● **Stored items from a collection**:
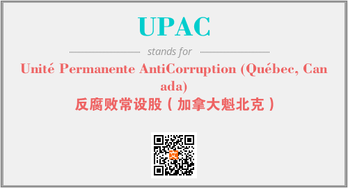 上述内容是“Unité Permanente AntiCorruption (Québec, Canada)”作为“UPAC”的缩写,解释为“反腐败常设股(加拿大魁北克)”时的信息,以及英文缩略词UPAC所代表的英文单词,其对应的中文拼音、详细解释以及在英文中的流行度和相关分类、应用领域及应用示例等。
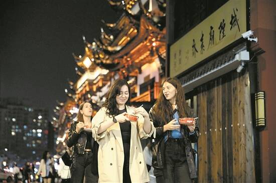 外国游客在上海城隍庙品尝小吃
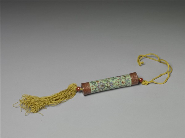 瓷牙籤筒,作圓筒形,中空以裝牙籤,外壁彩繪纏枝花卉圖樣。一端可打開為器蓋,蓋上穿繩,接貫器底,出為絲穗,以固定、調整器蓋的開闔。上下兩端以紅釉為地再裝飾金色卷草花紋一圈。器身外壁滿飾草綠色底釉和纏枝番蓮紋。
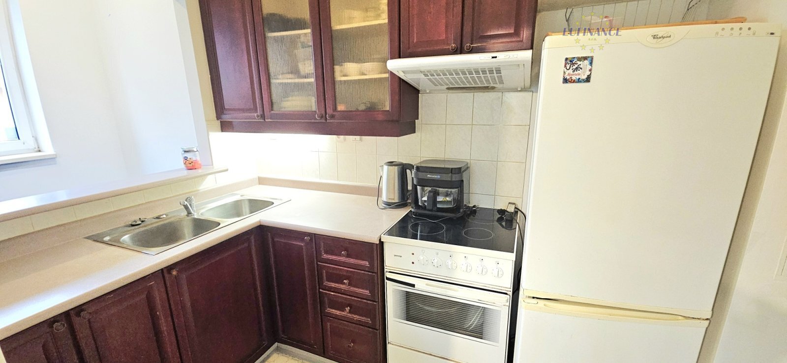 v plastu, stoupačky v plastu, zachovalá kuchyňská linka vč.
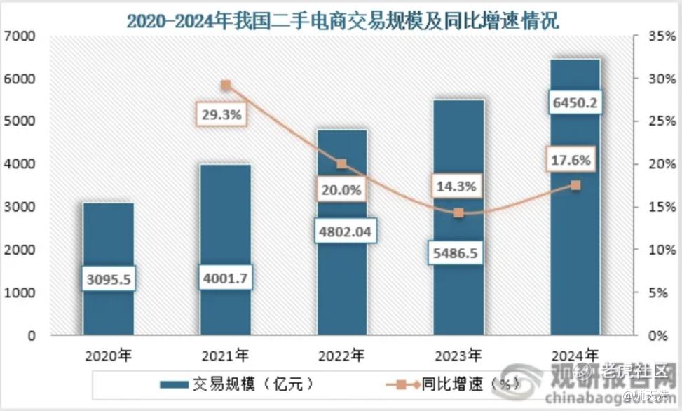 交易规模同步扩大,2024年中国二手电商交易额6450.2亿元,同比增长17.56%,这一变化反映了二手市场逐渐从小众走向主流。
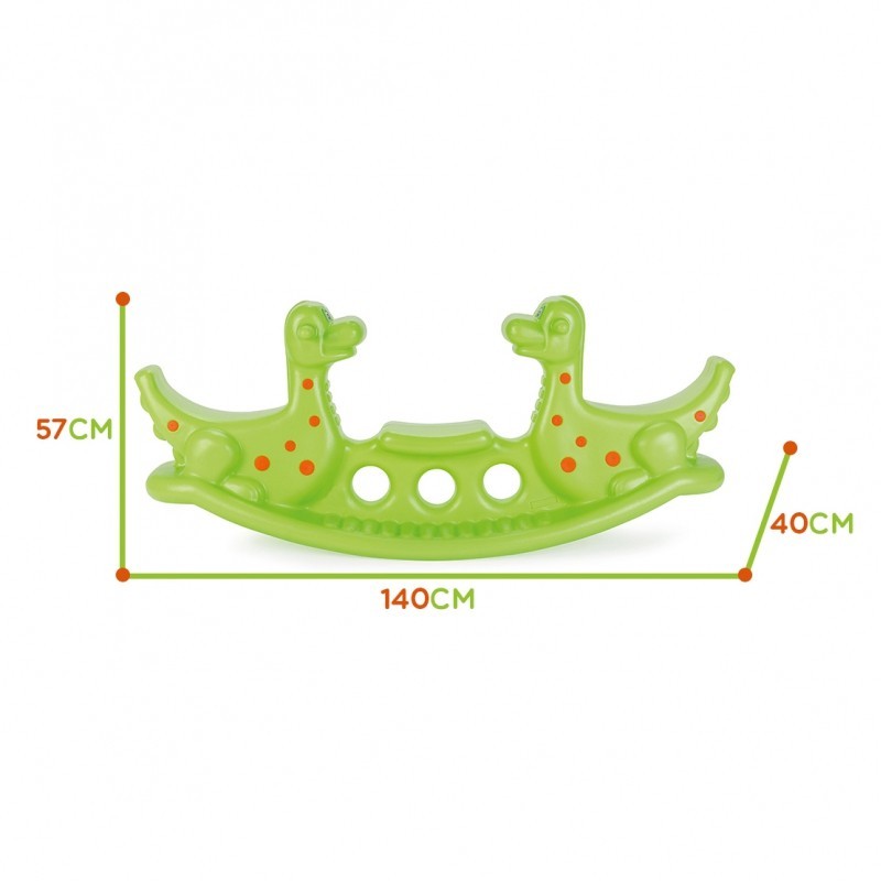 Bujak Dino Wieloosobowy w kolorze jasno zielonym marki Woopie stanie się najulubieńszym dinozaurem twoich dzieci! Z bujaka może korzystać troje dzieci jednocześnie, a nawet jedno będzie się świetnie bawić! Gdy dwoje dzieci buja się jednocześnie to Dino może spełnić funkcje huśtawki równoważnej i dzieci współpracując mogą się huśtać bez końca. Bujak sam w sobie dostarcza wiele korzyści dla dzieci: bujanie uspokaja dziecko oraz rozwija zdolności motoryczne ciała, co jest idealne dla prawidłowego rozwoju. Dodatkowo dinozaury mogą oddziaływać na wyobraźnie oraz kreatywność Twojego dziecka. Możliwe, że potraktuję go jak swojego przyjaciela, o którego będzie dbać. Z produktu można korzystać zarówno w domu jak, i na zewnątrz!
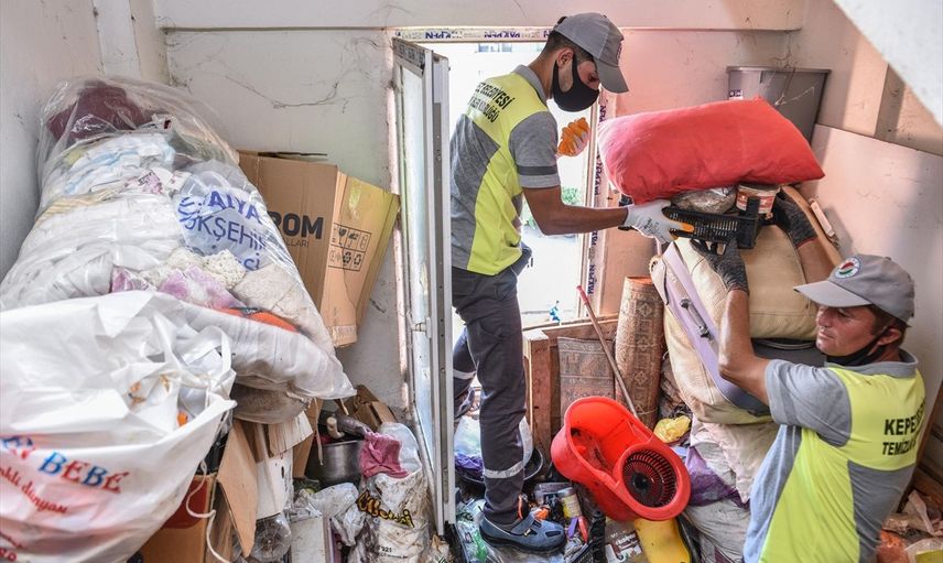 Yaklaşık 8 saat süren yoğun bir temizlik çalışması sonrasında, apartman dışına çıkarılan çöpler, iş makineleriyle 6 kamyona yüklendi. Temizlik işlemlerinin ardından, apartmanın haşerelerden korunması amacıyla ilaçlama da yapıldı.
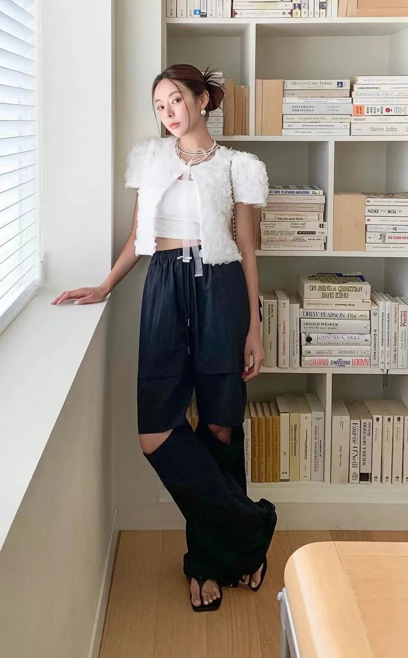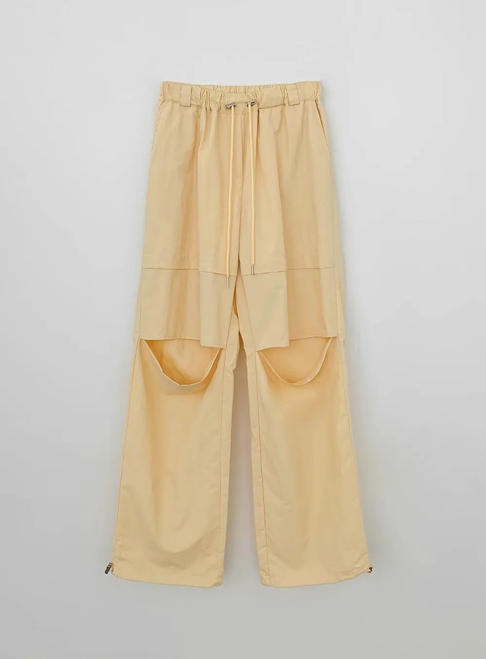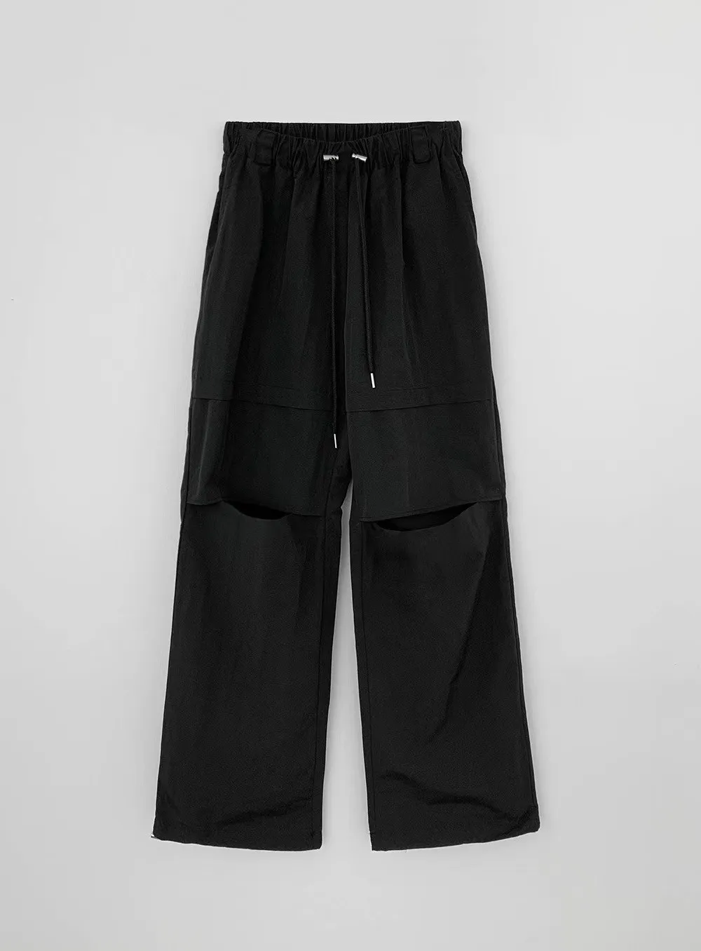 尼龍,全腰鬆緊有抽繩 有口袋 膝蓋簍空

● **YOUR TASK**:
Could the entries be output exactly as written, but without their images?

● **REPLY**:
 上述内容是“Unité Permanente AntiCorruption (Québec, Canada)”作为“UPAC”的缩写,解释为“反腐败常设股(加拿大魁北克)”时的信息,以及英文缩略词UPAC所代表的英文单词,其对应的中文拼音、详细解释以及在英文中的流行度和相关分类、应用领域及应用示例等。
 外国游客在上海城隍庙品尝小吃
 瓷牙籤筒,作圓筒形,中空以裝牙籤,外壁彩繪纏枝花卉圖樣。一端可打開為器蓋,蓋上穿繩,接貫器底,出為絲穗,以固定、調整器蓋的開闔。上下兩端以紅釉為地再裝飾金色卷草花紋一圈。器身外壁滿飾草綠色底釉和纏枝番蓮紋。
 v plastu, stoupačky v plastu, zachovalá kuchyňská linka vč.
 交易规模同步扩大,2024年中国二手电商交易额6450.2亿元,同比增长17.56%,这一变化反映了二手市场逐渐从小众走向主流。
 Bujak Dino Wieloosobowy w kolorze jasno zielonym marki Woopie stanie się najulubieńszym dinozaurem twoich dzieci! Z bujaka może korzystać troje dzieci jednocześnie, a nawet jedno będzie się świetnie bawić! Gdy dwoje dzieci buja się jednocześnie to Dino może spełnić funkcje huśtawki równoważnej i dzieci współpracując mogą się huśtać bez końca. Bujak sam w sobie dostarcza wiele korzyści dla dzieci: bujanie uspokaja dziecko oraz rozwija zdolności motoryczne ciała, co jest idealne dla prawidłowego rozwoju. Dodatkowo dinozaury mogą oddziaływać na wyobraźnie oraz kreatywność Twojego dziecka. Możliwe, że potraktuję go jak swojego przyjaciela, o którego będzie dbać. Z produktu można korzystać zarówno w domu jak, i na zewnątrz!
 Yaklaşık 8 saat süren yoğun bir temizlik çalışması sonrasında, apartman dışına çıkarılan çöpler, iş makineleriyle 6 kamyona yüklendi. Temizlik işlemlerinin ardından, apartmanın haşerelerden korunması amacıyla ilaçlama da yapıldı.
 尼龍,全腰鬆緊有抽繩 有口袋 膝蓋簍空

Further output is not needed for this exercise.